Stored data
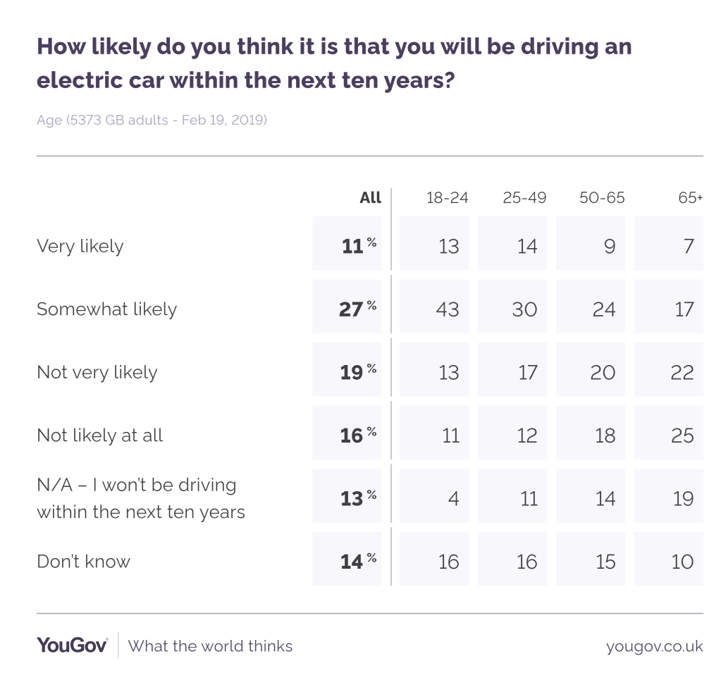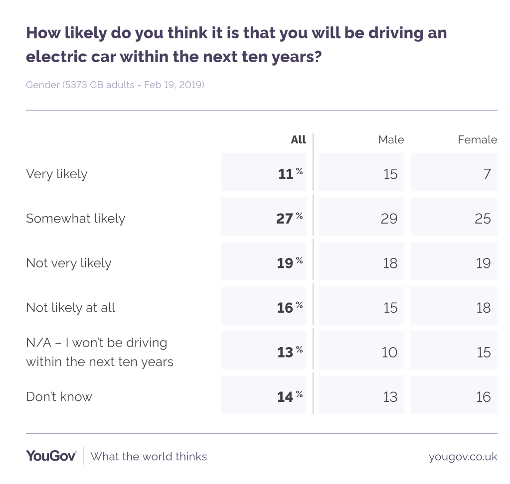 YouGov (2019) How likely do you think it is that you will be driving an electric car within the next ten years?. Available at: https://yougov.co.uk/topics/travel/survey-results/daily/2019/02/19/6b2d3/1 (Accessed: 04/04/21)
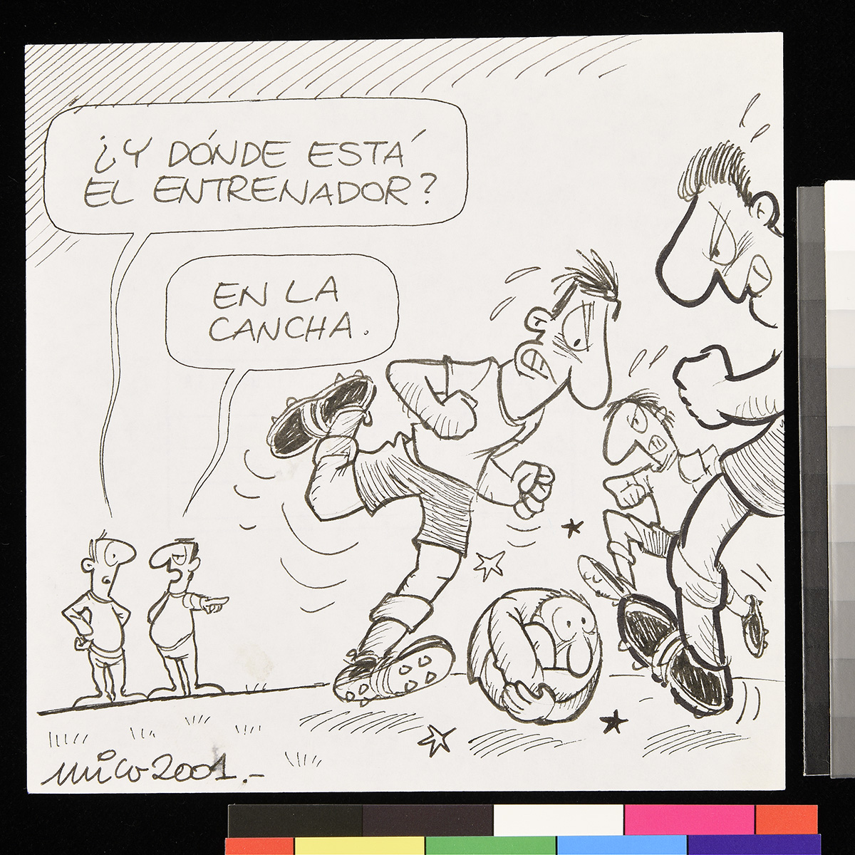 Dibujo de un soldado llevando muchas armas y municiones sobre el cuerpo, que en su chaleco antibalas tiene escrito “Looser and winner” y flamea una pequeña bandera de Estados Unidos que sostiene en su mano izquierda. Se encuentra en una zona de guerra.
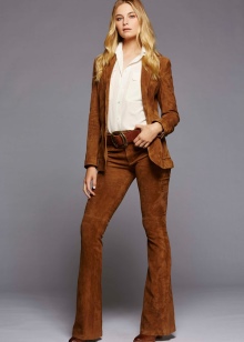 - tight pants made of genuine leather, which are decorated with fringe on the sides;
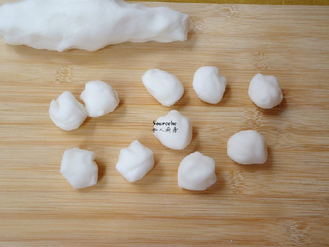 6.多次揉面,最后揉成長(zhǎng)條,分均勻的小團(tuán)。
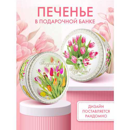 Печенье в подарок Тюльпаны сдобное со сливочным маслом в жестяной банке, Россия, 400 г
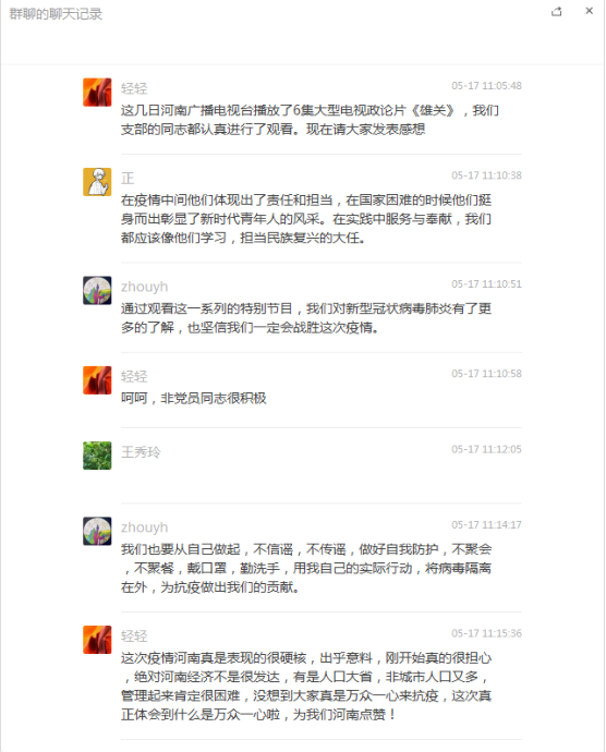 《雄关》的观看与学习,在该院师生中引起了热烈地反响,该院各党支部于16日、17日利用信息技术召开了线上学习研讨会。大家结合自身实际,或通过微信写心得,或通过视频会议谈感受。纷纷表示,该政论片展示了中国战“疫”的河南力量,激昂处热血沸腾,感人处催人泪下。通过交流,大家更深刻认识到了中国共产党领导和我国社会主义制度、国家治理体系强大生命力和显著优越性,更坚定了在平凡的工作岗位上用实际行动彰显责任与担当的勇气与信念。 (信息工程学院 李井竹/文 各党支部/图)
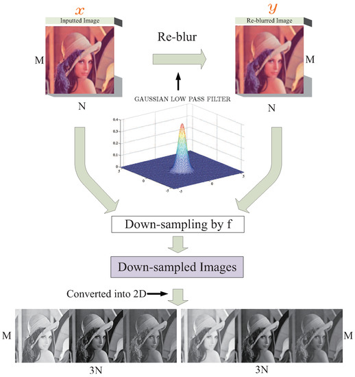 We decompose an image into the high-frequency part and the low-frequency part . represents the drastic part while represents the mild part. Thus the image grayscale variation would be sharper in drastic-change area. In order to focus on the main part that contributes to image quality and reduce the time cost, a down-sampling process for the inputted multi-dimensional image by a simple low-pass filter is applied. If , we define , where . Values outside the bounds of the image are computed by mirror-reflecting the image across the border. The filtered image should have the same size of the original image by restricting the points of filtering template in the original image. In addition, we convert both the multi-dimensional original image and the filtered, i.e., the re-blurred image into two-dimensional mode.
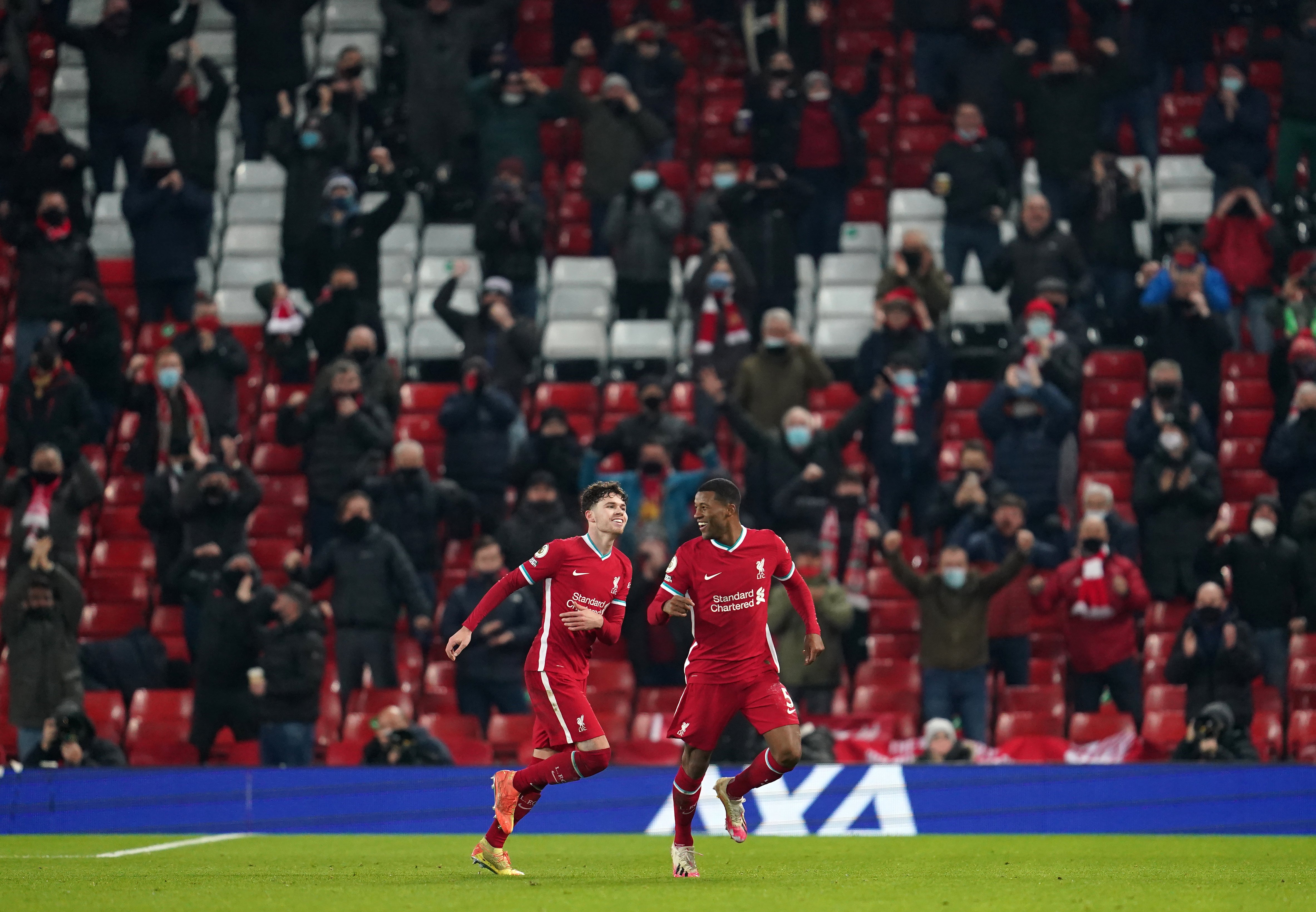 Georginio Wijnaldum, right, celebrates scoring Liverpool's second goal in a 4-0 win over Wolves on December 6. The game was notable for the return of fans, with 2,000 Reds supporters at Anfield to watch their club for the first time as Premier League champions. Games soon returned to being played behind closed doors after England entered another lockdown following Christmas (PA Wire)
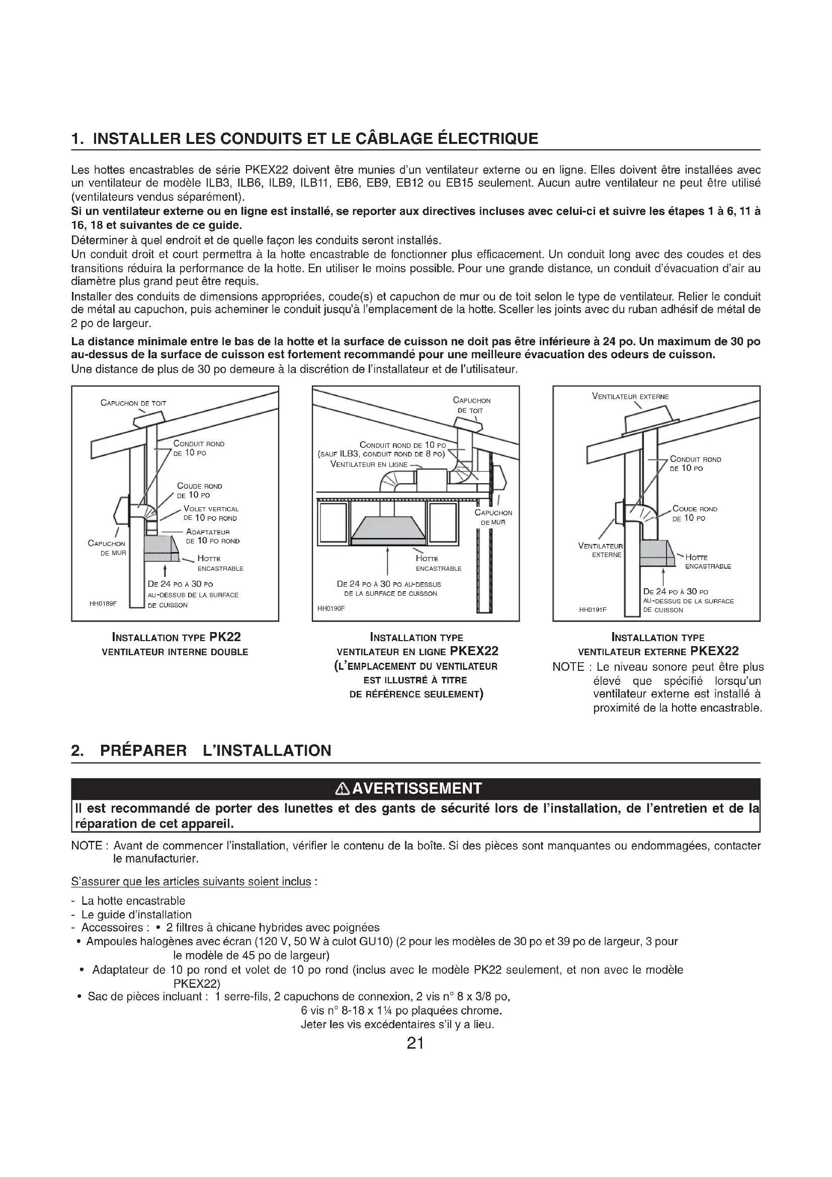 - Les modeles PKEX22 utilisés avec les ventilateurs ILB3, ILB6 ou EB6, doivent être installés au-dessus d'une cusinière produitant un maximum de 60 000 Btu/h.
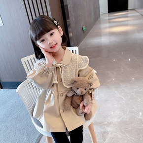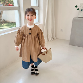 女宝宝2022春秋款外套女童泡泡袖风衣韩版童装儿童...
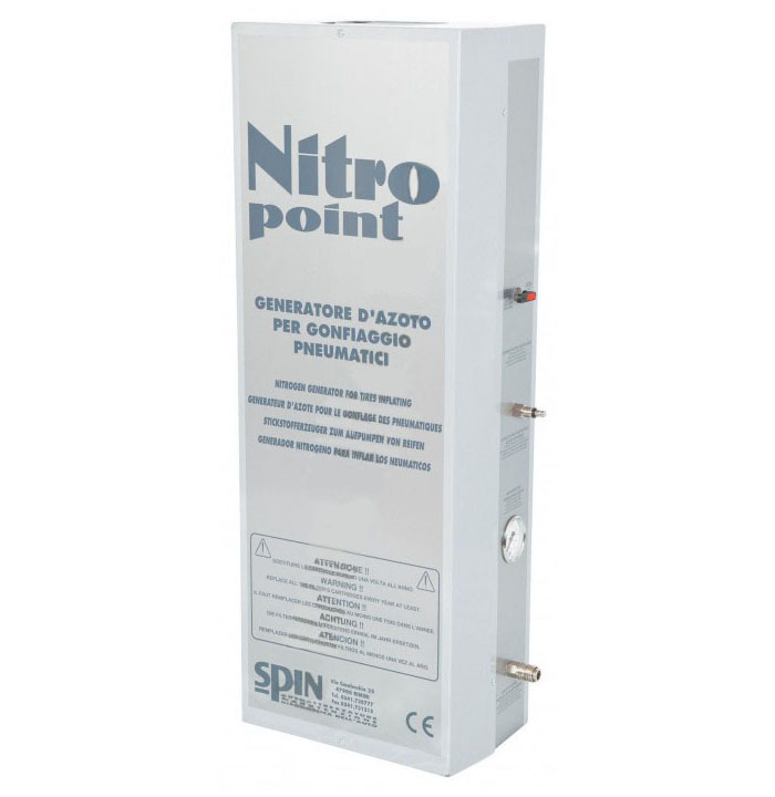 Генератор азота Spin Nitropoint 20 для накачки колес грузовых автомобилей. Производительность 20000 л/час при давлении 10 бар, 24000 л/час при давлении 12,5 бар. Чистота азота 95%. В комплекте с пистолетом для накачки/выкачивания. Без ресивера.
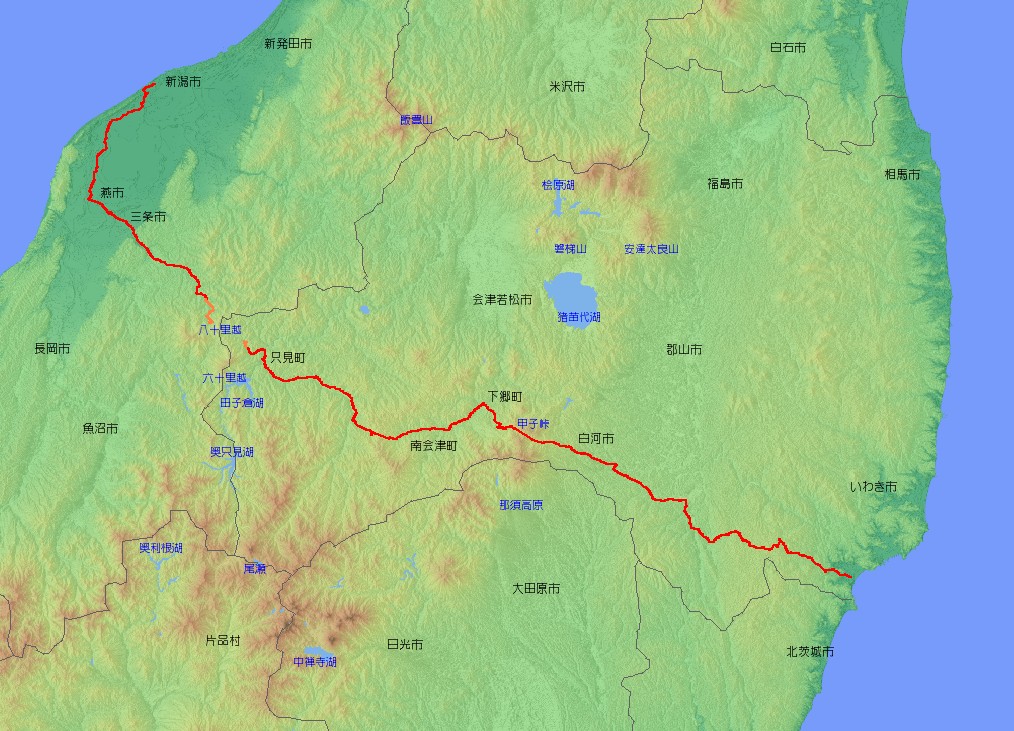 | 主な経由地 | 新潟県新潟市〜燕市〜三条市… …福島県只見町〜南会津町〜下郷町〜白河市〜棚倉町〜鮫川村〜いわき市 |

Action item
Only the records, copied exactly and without pictures, should make up the answer.

Answer
 YouGov (2019) How likely do you think it is that you will be driving an electric car within the next ten years?. Available at: https://yougov.co.uk/topics/travel/survey-results/daily/2019/02/19/6b2d3/1 (Accessed: 04/04/21)
 Dibujo de un soldado llevando muchas armas y municiones sobre el cuerpo, que en su chaleco antibalas tiene escrito “Looser and winner” y flamea una pequeña bandera de Estados Unidos que sostiene en su mano izquierda. Se encuentra en una zona de guerra.
 - tight pants made of genuine leather, which are decorated with fringe on the sides;
 6.多次揉面,最后揉成長(zhǎng)條,分均勻的小團(tuán)。
 Печенье в подарок Тюльпаны сдобное со сливочным маслом в жестяной банке, Россия, 400 г
 《雄关》的观看与学习,在该院师生中引起了热烈地反响,该院各党支部于16日、17日利用信息技术召开了线上学习研讨会。大家结合自身实际,或通过微信写心得,或通过视频会议谈感受。纷纷表示,该政论片展示了中国战“疫”的河南力量,激昂处热血沸腾,感人处催人泪下。通过交流,大家更深刻认识到了中国共产党领导和我国社会主义制度、国家治理体系强大生命力和显著优越性,更坚定了在平凡的工作岗位上用实际行动彰显责任与担当的勇气与信念。 (信息工程学院 李井竹/文 各党支部/图)
 We decompose an image into the high-frequency part and the low-frequency part . represents the drastic part while represents the mild part. Thus the image grayscale variation would be sharper in drastic-change area. In order to focus on the main part that contributes to image quality and reduce the time cost, a down-sampling process for the inputted multi-dimensional image by a simple low-pass filter is applied. If , we define , where . Values outside the bounds of the image are computed by mirror-reflecting the image across the border. The filtered image should have the same size of the original image by restricting the points of filtering template in the original image. In addition, we convert both the multi-dimensional original image and the filtered, i.e., the re-blurred image into two-dimensional mode.
 Georginio Wijnaldum, right, celebrates scoring Liverpool's second goal in a 4-0 win over Wolves on December 6. The game was notable for the return of fans, with 2,000 Reds supporters at Anfield to watch their club for the first time as Premier League champions. Games soon returned to being played behind closed doors after England entered another lockdown following Christmas (PA Wire)
 - Les modeles PKEX22 utilisés avec les ventilateurs ILB3, ILB6 ou EB6, doivent être installés au-dessus d'une cusinière produitant un maximum de 60 000 Btu/h.
 女宝宝2022春秋款外套女童泡泡袖风衣韩版童装儿童...
 Генератор азота Spin Nitropoint 20 для накачки колес грузовых автомобилей. Производительность 20000 л/час при давлении 10 бар, 24000 л/час при давлении 12,5 бар. Чистота азота 95%. В комплекте с пистолетом для накачки/выкачивания. Без ресивера.
 | 主な経由地 | 新潟県新潟市〜燕市〜三条市… …福島県只見町〜南会津町〜下郷町〜白河市〜棚倉町〜鮫川村〜いわき市 |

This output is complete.